Les ataxies spinocérébelleuses sont les principales ataxies à transmission autosomique dominante. La classification de ces ataxies a été révisée à plusieurs reprises récemment à mesure que les connaissances sur la génétique s'accroissent. Actuellement, au moins 43 loci de gènes différents sont reconnus; environ 10 sont le siège de grandes répétitions de séquences d'ADN. Certaines d'entre elles impliquent une répétition de la séquence ADN CAG qui code l'acide aminé glutamine, répétition semblable à celle observée dans la maladie de Huntington.

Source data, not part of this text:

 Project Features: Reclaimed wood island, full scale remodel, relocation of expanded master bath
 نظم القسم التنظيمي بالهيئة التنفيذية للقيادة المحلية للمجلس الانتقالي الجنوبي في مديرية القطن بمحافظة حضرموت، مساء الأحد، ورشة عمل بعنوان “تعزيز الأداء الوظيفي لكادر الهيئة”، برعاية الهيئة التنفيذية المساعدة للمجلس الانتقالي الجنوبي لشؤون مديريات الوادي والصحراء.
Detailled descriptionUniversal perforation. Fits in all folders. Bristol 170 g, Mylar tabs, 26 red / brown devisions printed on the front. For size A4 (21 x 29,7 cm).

Les manifestations des ataxies spinocérébelleuses varient. Certaines des ataxies spinocérébelleuses les plus fréquentes touchent de multiples régions du système nerveux central et périphérique; une neuropathie, des signes pyramidaux et le syndrome des jambes sans repos, de même qu'une ataxie, sont fréquents. Certaines ataxies spinocérébelleuses ne causent généralement qu'une ataxie cérébelleuse.

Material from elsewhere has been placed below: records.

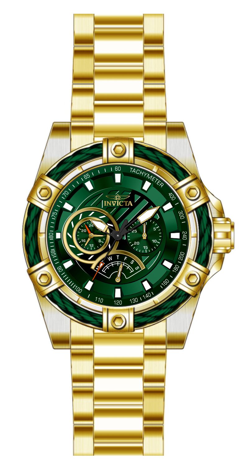 Band Material: Stainless Steel, Band Tone: Gold, Band Width: 26MM, Band Length: 185MM, Crown Type: Push, Case Material: Stainless Steel, Case Tone: Gold, Case Size [mm]: 52, Crystal Type: Flame Fusion, Dial Material: Brass, Dial Color: Green .Purchasing these parts and having a non-authorized repair center open your watch voids all manufacturing warranties. Invicta cannot guarantee the quality standards of an altered timepiece, the standard 3-year limited warranty on Invicta timepieces shall be invalid if the timepiece is serviced at any time by an unauthorized repair center. This includes battery replacements, which must be done at an Invicta authorized repair center in order to maintain the eligibility of the warranty. Please follow the link below to learn more about Invicta's warranty.https://cdn.invictawatch.com/www/files/invicta-warranty-2018.pdf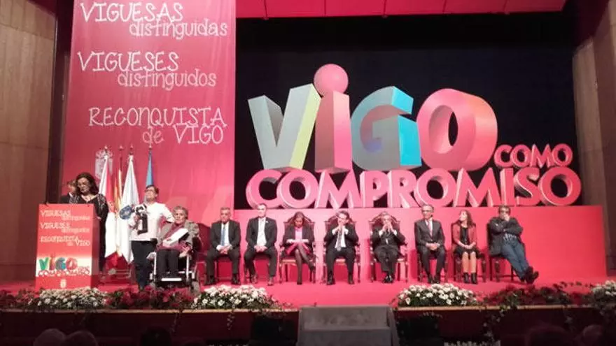 El evento, más allá de conmemorar y reconocer a diferentes entidades y personalidades destacadas de la ciudad, también rindió un emotivo recuerdo a las víctimas de los atentados terroristas de Bruselas y París. Durante la ceremonia recibieron su galardón de Vigués Distinguido la Asociación de Familias de Personas con Parálisis Cerebral-Apamp; Comesaña Sporting Club, entidad que celebra este año su centenario; Down Vigo; astilleros Francisco Cardama; la artista Menchu Lamas; y la junta de personal del Chuvi. Todos ellos recogieron el reconocimiento, salvo Cáritas Diocesana de Tui-Vigo, que ya manifestó la pasada semana que no aceptaría un galardón que en un primer momento el PP había planteado para Red Madre pero que PSOE y Marea declinaron con sus votos la propuesta de los populares.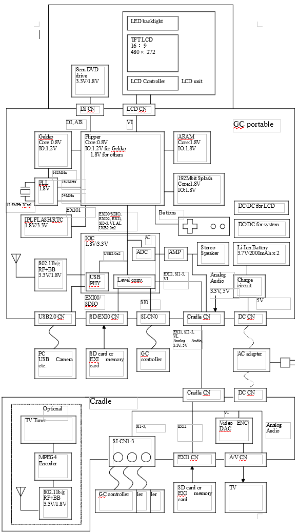在最近泄露的任天堂内部文件中,有国外网友发现一个名为GC portable的设计图,这里面的GC很明显就是指NGC,而Portable的意思则代表掌机/便携设备。该设备使用和PSP一样的480*272分辨率屏幕,支持NGC独家的8cm DVD光碟、使用与NGC相同的Gekko芯片、支持WiFi、立体声、SD卡和USB连接,使用两块2000mAh电池。

L'ataxie spinocérébelleuse (SCA type 3) précédemment nommée maladie de Machado-Joseph, peut-être la plus fréquente des ataxies spinocérébelleuses à transmission dominante dans le monde. Les symptômes comprennent une ataxie, un parkinsonisme et parfois une dystonie, des tics faciaux, une ophtalmoplégie et des yeux exorbités.

Pathologies acquises

Les ataxies acquises peuvent résulter de troubles neurodégénératifs non héréditaires (p. ex., atrophie multisystémique), de maladies systémiques, de la sclérose en plaques, d'accidents vasculaires cérébelleux, de lésions crâniennes répétées ou d'une exposition à des toxiques ou être idiopathiques. Les atteintes systémiques comprennent l'alcoolisme (dégénérescence cérébelleuse d'origine alcoolique), la maladie cœliaque, le coup de chaleur, l'hypothyroïdie et une carence en vitamine E. Les toxiques comprennent le monoxyde de carbone, les métaux lourds, le lithium, la phénylhydantoïne et certains solvants. Des taux toxiques de certains médicaments (p. ex., les anticonvulsivants) peuvent causer une dysfonction cérébelleuse et une ataxie.

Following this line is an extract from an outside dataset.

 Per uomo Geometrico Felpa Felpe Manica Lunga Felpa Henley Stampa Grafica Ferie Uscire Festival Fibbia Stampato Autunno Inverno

Rarement, une dégénérescence cérébelleuse subaiguë est due à un syndrome paranéoplasique d'un cancer du sein, d'un cancer de l'ovaire, d'un carcinome pulmonaire à petites cellules ou d'autres tumeurs solides. La dégénérescence cérébelleuse peut précéder la découverte du cancer de quelques semaines à plusieurs années. Un auto-Ac circulant peut être mis en évidence chez certains patients dans le sérum et/ou le LCR, notamment chez des femmes présentant des cancers du sein ou de l'ovaire.

Chez l'enfant, une tumeur cérébrale primitive (médulloblastome, astrocytome kystique) peut en être la cause; le cervelet médian est le site le plus fréquent de ces tumeurs. Rarement, chez l'enfant, un dysfonctionnement cérébelleux diffus réversible fait suite à une infection virale.

Diagnostic

  • Bilan clinique

  • Typiquement IRM

  • Parfois, tests génétiques

Le diagnostic de troubles cérébelleux est clinique et comprend une recherche complète des antécédents familiaux et des troubles systémiques acquis.

Une neuro-imagerie, principalement l'IRM, est réalisée. Des tests génétiques supplémentaires sont effectués si les antécédents familiaux sont évocateurs.

Traitement

  • Traitement de la cause si possible

  • Habituellement seulement de soutien

Certains troubles systémiques (p. ex., hypothyroïdie, maladie cœliaque) et exposition à des toxiques peuvent être traités; parfois, une chirurgie est efficace sur des lésions structurelles (tumeur, hydrocéphalie). Cependant, il s'agit souvent d'un traitement de confort.